| What the exercise asks |
Please set down every entry again exactly as it stands, without the pictures.

Collected data:
=-=-=-=-=

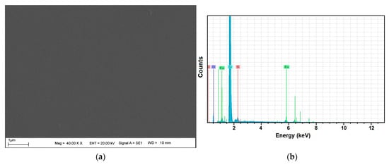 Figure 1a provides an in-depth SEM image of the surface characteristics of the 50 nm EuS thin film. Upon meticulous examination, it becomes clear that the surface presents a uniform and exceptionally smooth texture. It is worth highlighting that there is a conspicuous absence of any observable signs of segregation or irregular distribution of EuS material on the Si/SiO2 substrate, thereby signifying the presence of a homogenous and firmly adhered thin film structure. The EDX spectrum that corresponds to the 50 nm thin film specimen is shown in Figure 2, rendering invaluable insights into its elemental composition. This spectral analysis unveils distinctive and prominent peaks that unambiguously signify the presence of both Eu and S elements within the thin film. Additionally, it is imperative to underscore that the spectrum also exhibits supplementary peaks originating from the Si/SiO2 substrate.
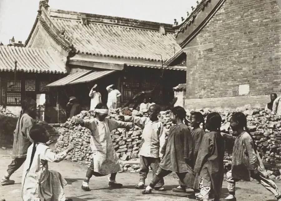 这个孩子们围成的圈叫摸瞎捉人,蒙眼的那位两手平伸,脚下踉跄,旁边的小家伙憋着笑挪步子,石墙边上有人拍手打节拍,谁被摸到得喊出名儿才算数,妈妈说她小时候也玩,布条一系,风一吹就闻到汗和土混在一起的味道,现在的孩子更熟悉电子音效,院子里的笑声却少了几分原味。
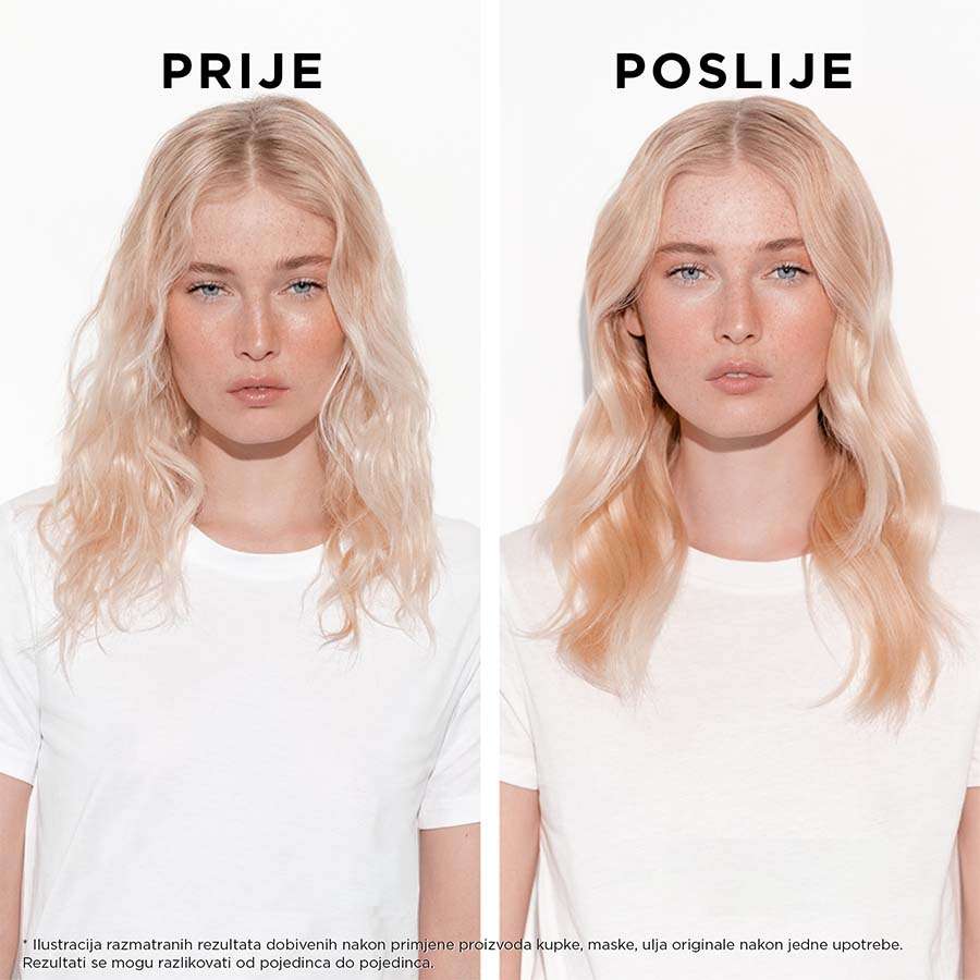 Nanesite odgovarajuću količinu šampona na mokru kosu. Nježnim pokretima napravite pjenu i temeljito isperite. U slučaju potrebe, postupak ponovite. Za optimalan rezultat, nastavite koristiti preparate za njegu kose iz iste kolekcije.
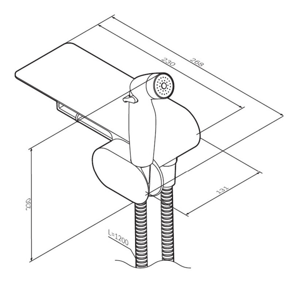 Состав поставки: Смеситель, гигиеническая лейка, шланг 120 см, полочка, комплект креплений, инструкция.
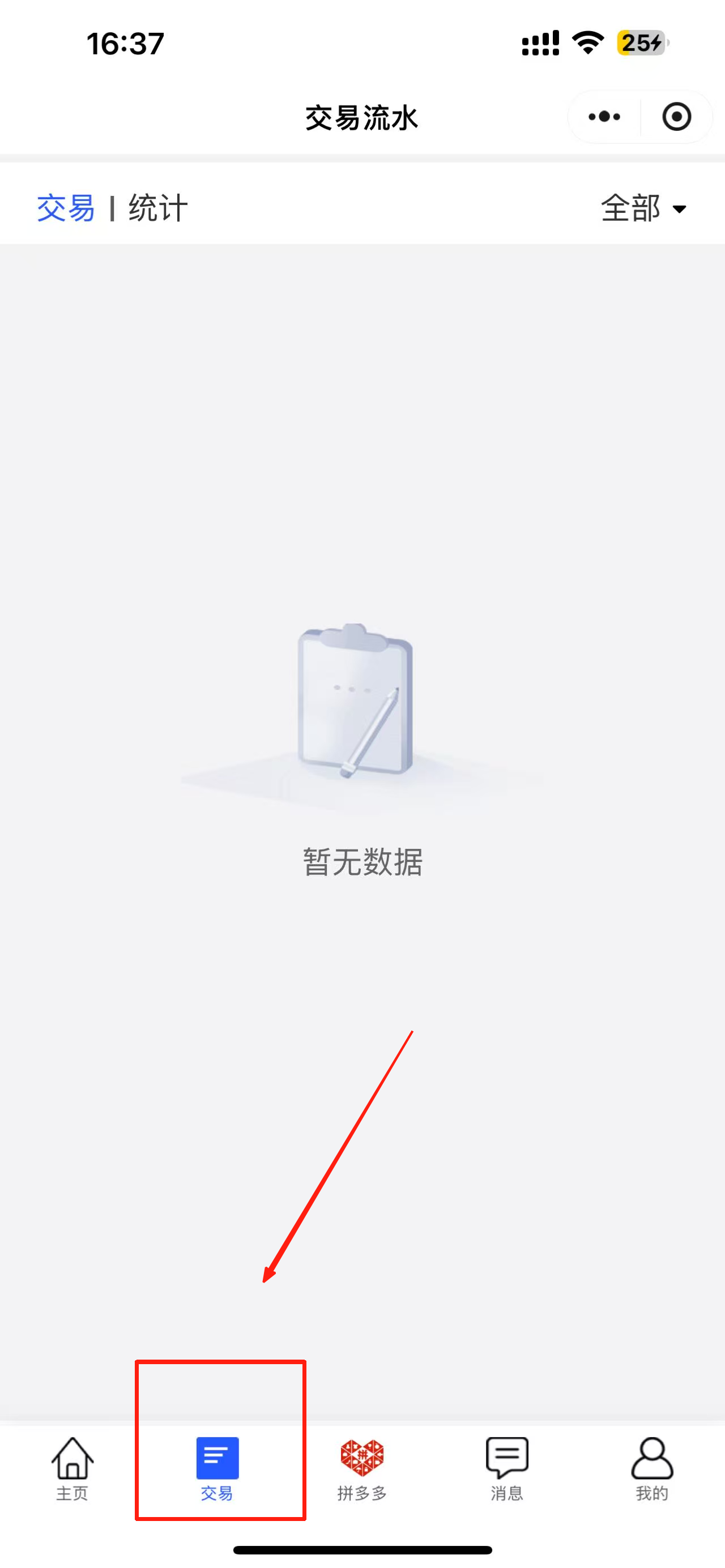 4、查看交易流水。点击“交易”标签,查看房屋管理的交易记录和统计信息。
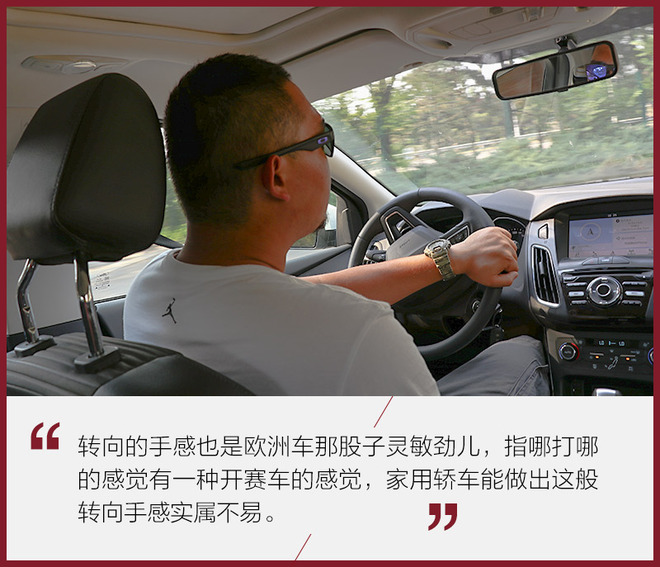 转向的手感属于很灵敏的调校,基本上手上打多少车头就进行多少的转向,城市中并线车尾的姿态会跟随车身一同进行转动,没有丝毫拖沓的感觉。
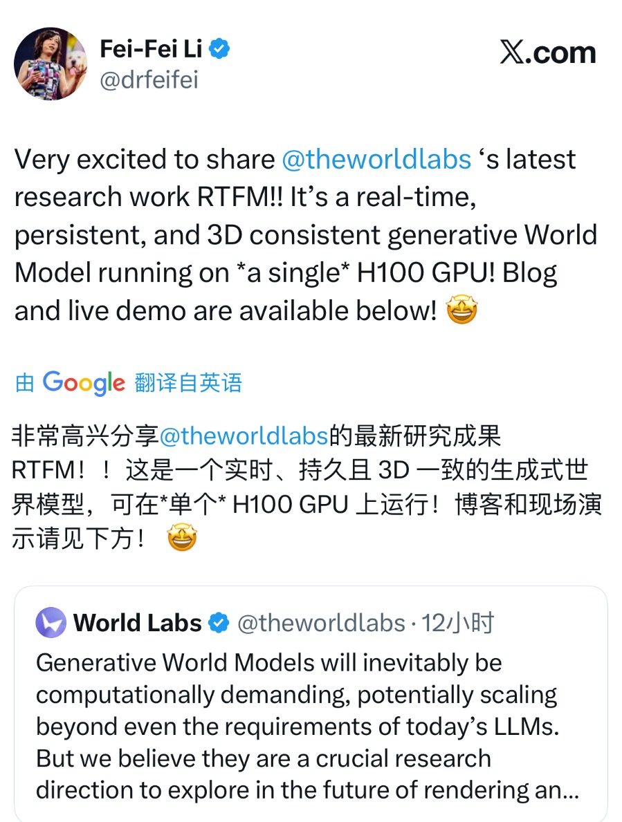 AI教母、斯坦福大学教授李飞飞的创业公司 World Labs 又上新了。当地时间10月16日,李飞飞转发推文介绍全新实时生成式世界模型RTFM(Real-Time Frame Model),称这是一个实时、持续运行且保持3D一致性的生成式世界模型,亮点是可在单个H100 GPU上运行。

=-=-=-=-=

| Task response |
 Figure 1a provides an in-depth SEM image of the surface characteristics of the 50 nm EuS thin film. Upon meticulous examination, it becomes clear that the surface presents a uniform and exceptionally smooth texture. It is worth highlighting that there is a conspicuous absence of any observable signs of segregation or irregular distribution of EuS material on the Si/SiO2 substrate, thereby signifying the presence of a homogenous and firmly adhered thin film structure. The EDX spectrum that corresponds to the 50 nm thin film specimen is shown in Figure 2, rendering invaluable insights into its elemental composition. This spectral analysis unveils distinctive and prominent peaks that unambiguously signify the presence of both Eu and S elements within the thin film. Additionally, it is imperative to underscore that the spectrum also exhibits supplementary peaks originating from the Si/SiO2 substrate.
 这个孩子们围成的圈叫摸瞎捉人,蒙眼的那位两手平伸,脚下踉跄,旁边的小家伙憋着笑挪步子,石墙边上有人拍手打节拍,谁被摸到得喊出名儿才算数,妈妈说她小时候也玩,布条一系,风一吹就闻到汗和土混在一起的味道,现在的孩子更熟悉电子音效,院子里的笑声却少了几分原味。
 Nanesite odgovarajuću količinu šampona na mokru kosu. Nježnim pokretima napravite pjenu i temeljito isperite. U slučaju potrebe, postupak ponovite. Za optimalan rezultat, nastavite koristiti preparate za njegu kose iz iste kolekcije.
 Состав поставки: Смеситель, гигиеническая лейка, шланг 120 см, полочка, комплект креплений, инструкция.
 4、查看交易流水。点击“交易”标签,查看房屋管理的交易记录和统计信息。
 转向的手感属于很灵敏的调校,基本上手上打多少车头就进行多少的转向,城市中并线车尾的姿态会跟随车身一同进行转动,没有丝毫拖沓的感觉。
 AI教母、斯坦福大学教授李飞飞的创业公司 World Labs 又上新了。当地时间10月16日,李飞飞转发推文介绍全新实时生成式世界模型RTFM(Real-Time Frame Model),称这是一个实时、持续运行且保持3D一致性的生成式世界模型,亮点是可在单个H100 GPU上运行。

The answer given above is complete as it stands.